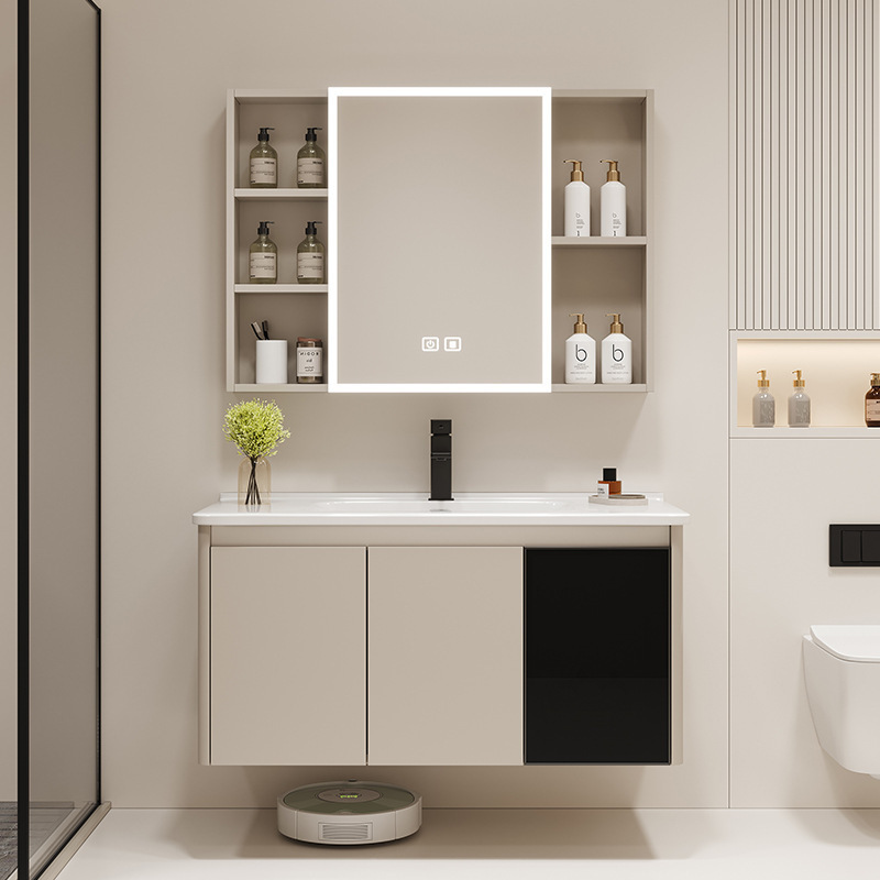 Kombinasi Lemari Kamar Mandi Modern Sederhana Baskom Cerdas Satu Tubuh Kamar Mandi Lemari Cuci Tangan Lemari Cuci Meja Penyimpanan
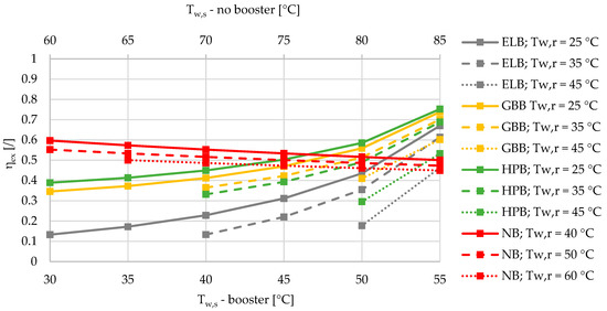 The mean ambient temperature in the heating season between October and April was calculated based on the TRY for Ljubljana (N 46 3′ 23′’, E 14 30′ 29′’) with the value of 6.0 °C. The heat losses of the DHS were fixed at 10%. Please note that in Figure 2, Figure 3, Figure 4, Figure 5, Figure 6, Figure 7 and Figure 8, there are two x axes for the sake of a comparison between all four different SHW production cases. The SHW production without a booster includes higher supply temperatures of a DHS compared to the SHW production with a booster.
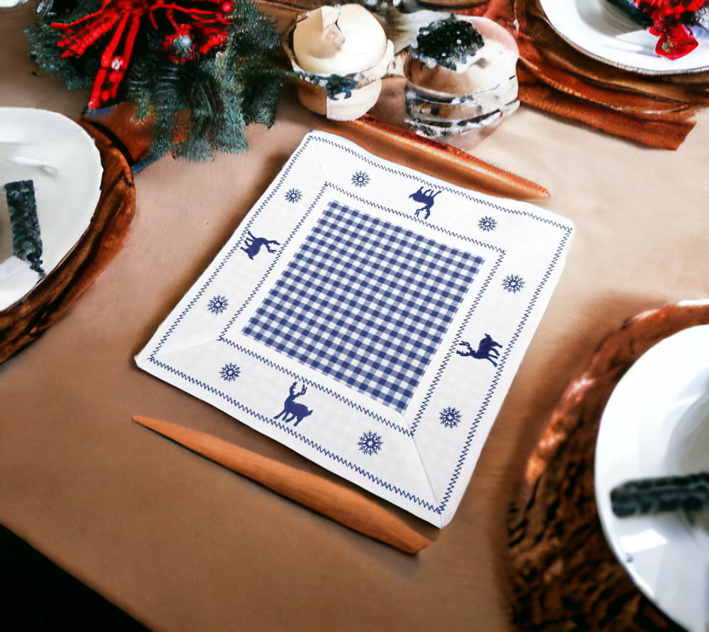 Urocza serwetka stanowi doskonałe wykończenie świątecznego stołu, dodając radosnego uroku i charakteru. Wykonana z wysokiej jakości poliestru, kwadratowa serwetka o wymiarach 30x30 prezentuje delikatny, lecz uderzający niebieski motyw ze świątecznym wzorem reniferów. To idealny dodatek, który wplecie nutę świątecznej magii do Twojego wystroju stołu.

---

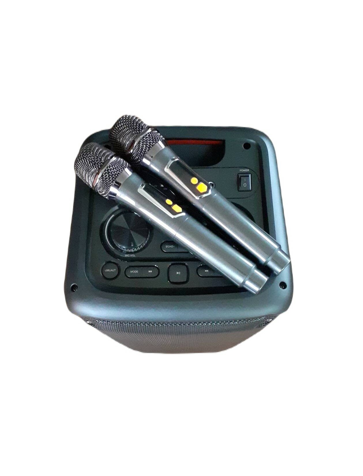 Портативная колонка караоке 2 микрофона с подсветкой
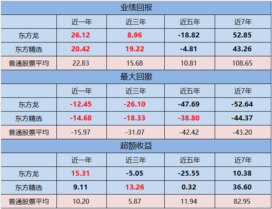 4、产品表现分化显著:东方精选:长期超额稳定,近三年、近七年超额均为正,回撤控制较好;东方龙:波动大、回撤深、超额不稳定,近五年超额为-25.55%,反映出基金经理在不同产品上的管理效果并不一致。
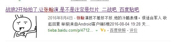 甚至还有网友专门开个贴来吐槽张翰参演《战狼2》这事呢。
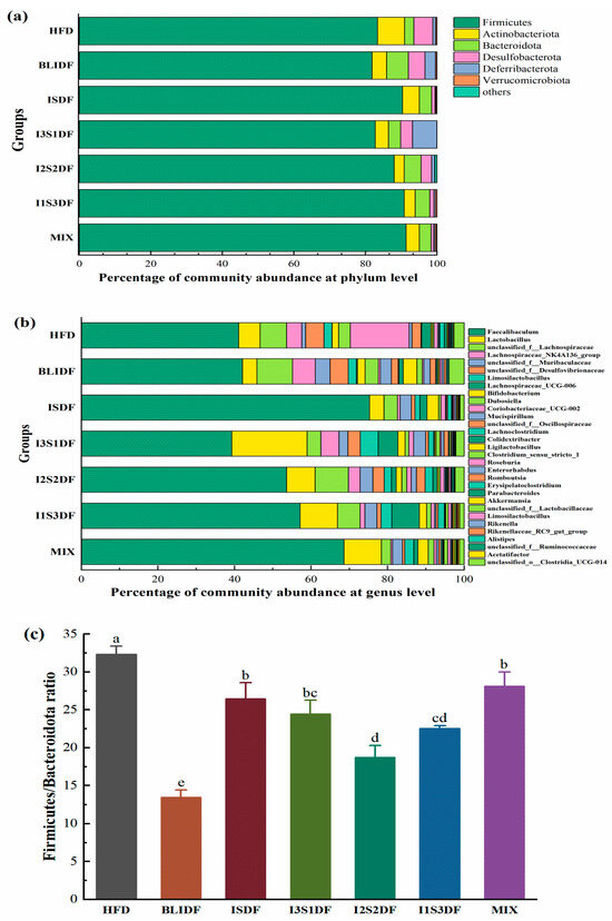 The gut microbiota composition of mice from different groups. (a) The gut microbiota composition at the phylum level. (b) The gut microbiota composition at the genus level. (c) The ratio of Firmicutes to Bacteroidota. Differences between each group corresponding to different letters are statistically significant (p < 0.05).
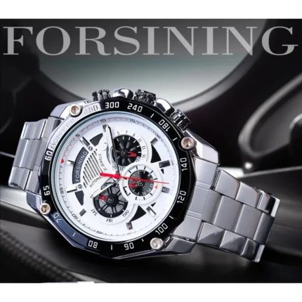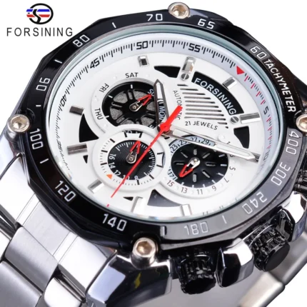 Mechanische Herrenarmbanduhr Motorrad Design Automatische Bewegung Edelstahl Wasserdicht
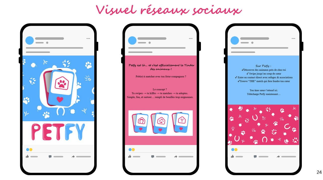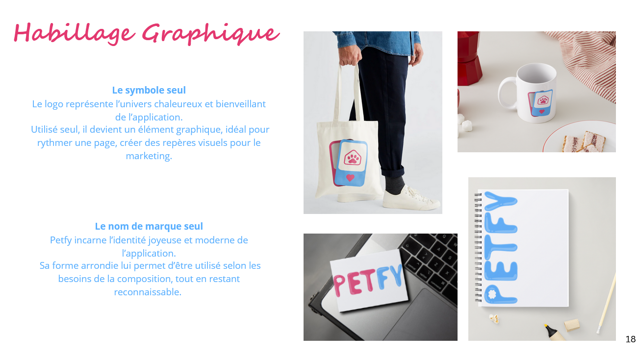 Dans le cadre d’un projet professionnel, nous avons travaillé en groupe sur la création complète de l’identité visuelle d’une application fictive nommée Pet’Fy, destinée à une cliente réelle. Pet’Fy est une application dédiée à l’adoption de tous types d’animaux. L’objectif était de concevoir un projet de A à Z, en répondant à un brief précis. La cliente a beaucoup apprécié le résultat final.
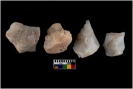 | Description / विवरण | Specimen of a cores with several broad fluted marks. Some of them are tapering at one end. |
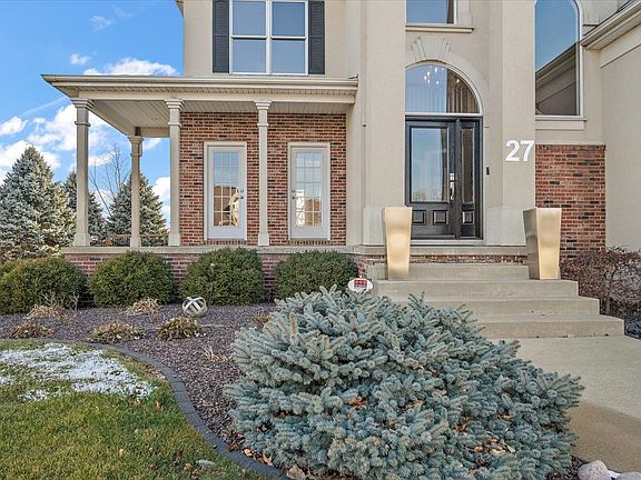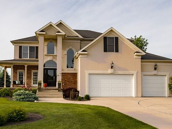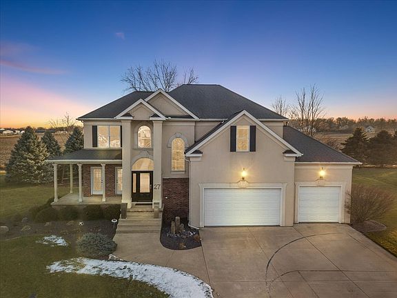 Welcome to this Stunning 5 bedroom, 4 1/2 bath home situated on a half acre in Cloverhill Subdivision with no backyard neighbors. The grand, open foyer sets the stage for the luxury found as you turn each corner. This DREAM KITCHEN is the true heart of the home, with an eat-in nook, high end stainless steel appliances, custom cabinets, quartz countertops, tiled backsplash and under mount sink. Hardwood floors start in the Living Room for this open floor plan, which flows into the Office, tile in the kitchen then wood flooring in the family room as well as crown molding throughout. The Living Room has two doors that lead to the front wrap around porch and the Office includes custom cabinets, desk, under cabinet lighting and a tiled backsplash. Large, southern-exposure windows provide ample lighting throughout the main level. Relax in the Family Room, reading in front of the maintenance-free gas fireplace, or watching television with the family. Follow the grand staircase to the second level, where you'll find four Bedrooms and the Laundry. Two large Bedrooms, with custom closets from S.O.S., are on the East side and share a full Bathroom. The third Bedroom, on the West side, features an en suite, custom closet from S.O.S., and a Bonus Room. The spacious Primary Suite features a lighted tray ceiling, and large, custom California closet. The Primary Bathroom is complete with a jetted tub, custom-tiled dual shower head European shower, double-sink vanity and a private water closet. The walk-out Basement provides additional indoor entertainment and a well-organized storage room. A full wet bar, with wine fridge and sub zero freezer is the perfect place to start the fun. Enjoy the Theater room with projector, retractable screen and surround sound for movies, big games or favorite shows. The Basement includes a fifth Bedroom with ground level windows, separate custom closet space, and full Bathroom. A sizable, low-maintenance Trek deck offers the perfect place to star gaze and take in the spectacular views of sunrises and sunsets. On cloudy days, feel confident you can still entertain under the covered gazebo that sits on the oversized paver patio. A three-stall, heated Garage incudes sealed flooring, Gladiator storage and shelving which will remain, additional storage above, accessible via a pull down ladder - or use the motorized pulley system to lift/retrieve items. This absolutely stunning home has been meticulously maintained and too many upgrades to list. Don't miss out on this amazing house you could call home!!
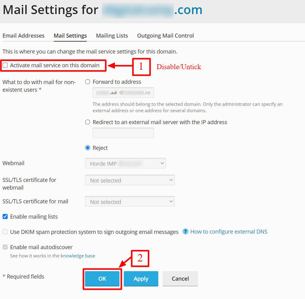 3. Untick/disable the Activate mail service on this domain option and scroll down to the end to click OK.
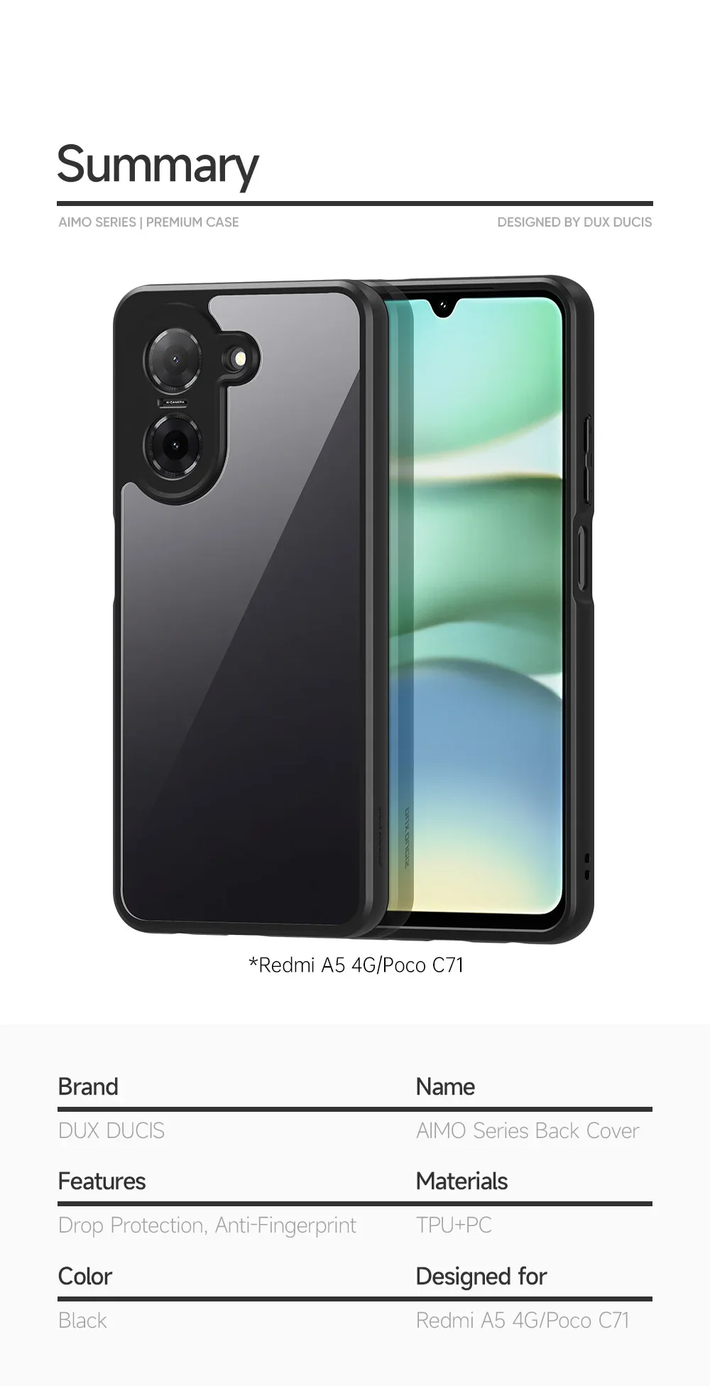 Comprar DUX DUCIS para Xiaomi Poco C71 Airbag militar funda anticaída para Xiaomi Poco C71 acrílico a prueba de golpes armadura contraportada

...

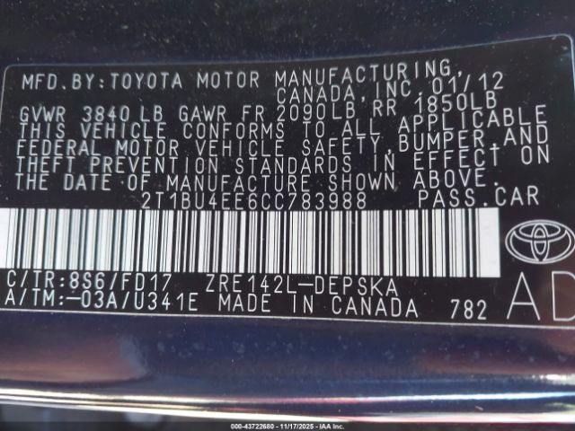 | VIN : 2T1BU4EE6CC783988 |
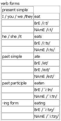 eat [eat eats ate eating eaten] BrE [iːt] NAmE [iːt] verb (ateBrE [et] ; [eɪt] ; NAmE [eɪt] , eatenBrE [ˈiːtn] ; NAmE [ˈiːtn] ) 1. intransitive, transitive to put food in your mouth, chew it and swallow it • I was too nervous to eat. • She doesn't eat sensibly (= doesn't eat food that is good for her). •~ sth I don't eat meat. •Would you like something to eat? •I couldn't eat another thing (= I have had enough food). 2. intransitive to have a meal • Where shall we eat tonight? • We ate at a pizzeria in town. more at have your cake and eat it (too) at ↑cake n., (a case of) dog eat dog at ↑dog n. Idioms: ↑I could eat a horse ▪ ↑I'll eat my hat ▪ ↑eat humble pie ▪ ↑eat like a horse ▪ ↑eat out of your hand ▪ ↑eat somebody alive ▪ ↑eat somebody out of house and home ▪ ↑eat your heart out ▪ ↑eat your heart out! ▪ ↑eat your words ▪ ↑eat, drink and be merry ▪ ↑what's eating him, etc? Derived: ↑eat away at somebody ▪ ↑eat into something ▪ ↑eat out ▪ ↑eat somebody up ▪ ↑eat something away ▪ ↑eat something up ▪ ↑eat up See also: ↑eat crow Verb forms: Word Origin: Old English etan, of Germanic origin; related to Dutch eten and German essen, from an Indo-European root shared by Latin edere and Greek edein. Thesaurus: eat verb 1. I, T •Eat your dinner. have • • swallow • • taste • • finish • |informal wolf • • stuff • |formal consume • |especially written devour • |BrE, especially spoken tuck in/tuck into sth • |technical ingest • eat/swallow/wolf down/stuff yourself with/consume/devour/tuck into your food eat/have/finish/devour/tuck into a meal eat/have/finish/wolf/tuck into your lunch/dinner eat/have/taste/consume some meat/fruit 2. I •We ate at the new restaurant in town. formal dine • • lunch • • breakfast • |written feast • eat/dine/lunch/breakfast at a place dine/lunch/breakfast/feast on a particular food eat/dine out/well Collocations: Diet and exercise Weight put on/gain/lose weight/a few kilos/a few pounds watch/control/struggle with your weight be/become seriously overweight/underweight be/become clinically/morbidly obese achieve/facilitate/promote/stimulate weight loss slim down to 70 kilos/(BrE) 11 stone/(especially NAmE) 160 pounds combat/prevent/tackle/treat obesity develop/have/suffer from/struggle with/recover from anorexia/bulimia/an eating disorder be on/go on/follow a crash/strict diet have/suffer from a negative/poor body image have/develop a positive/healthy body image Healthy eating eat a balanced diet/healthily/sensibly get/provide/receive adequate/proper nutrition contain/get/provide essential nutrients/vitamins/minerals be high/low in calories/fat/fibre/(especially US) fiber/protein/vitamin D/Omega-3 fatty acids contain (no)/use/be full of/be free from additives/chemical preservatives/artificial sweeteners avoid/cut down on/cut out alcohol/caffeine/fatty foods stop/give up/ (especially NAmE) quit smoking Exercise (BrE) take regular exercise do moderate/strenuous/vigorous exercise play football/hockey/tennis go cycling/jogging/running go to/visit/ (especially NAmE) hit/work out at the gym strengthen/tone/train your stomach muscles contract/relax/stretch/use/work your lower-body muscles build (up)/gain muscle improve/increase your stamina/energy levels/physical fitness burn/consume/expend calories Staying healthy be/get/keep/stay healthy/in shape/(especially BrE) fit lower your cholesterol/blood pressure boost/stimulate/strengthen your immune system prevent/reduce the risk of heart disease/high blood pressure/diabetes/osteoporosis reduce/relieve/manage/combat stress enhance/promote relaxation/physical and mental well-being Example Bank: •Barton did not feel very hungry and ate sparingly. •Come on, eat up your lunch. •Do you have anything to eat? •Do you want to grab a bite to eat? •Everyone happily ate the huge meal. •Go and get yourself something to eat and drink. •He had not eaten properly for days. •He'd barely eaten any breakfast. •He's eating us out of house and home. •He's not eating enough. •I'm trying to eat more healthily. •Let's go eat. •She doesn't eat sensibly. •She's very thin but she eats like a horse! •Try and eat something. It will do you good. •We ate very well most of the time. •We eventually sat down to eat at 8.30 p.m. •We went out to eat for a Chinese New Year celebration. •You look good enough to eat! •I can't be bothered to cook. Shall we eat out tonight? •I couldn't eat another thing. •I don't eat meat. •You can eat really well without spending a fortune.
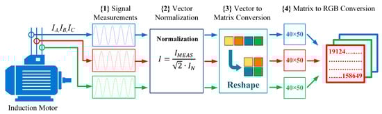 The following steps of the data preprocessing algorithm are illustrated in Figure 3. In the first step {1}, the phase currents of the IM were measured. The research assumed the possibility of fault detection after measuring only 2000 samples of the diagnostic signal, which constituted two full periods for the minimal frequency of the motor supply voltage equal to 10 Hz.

## Your task
Within these entries, output exactly the lines starting at the one with "Mechanische Herrenarmbanduhr Motorrad" and finishing at the one with "at one end. |". Leave pictures out of the output.

## Result
 Mechanische Herrenarmbanduhr Motorrad Design Automatische Bewegung Edelstahl Wasserdicht
 Dans le cadre d’un projet professionnel, nous avons travaillé en groupe sur la création complète de l’identité visuelle d’une application fictive nommée Pet’Fy, destinée à une cliente réelle. Pet’Fy est une application dédiée à l’adoption de tous types d’animaux. L’objectif était de concevoir un projet de A à Z, en répondant à un brief précis. La cliente a beaucoup apprécié le résultat final.
 | Description / विवरण | Specimen of a cores with several broad fluted marks. Some of them are tapering at one end. |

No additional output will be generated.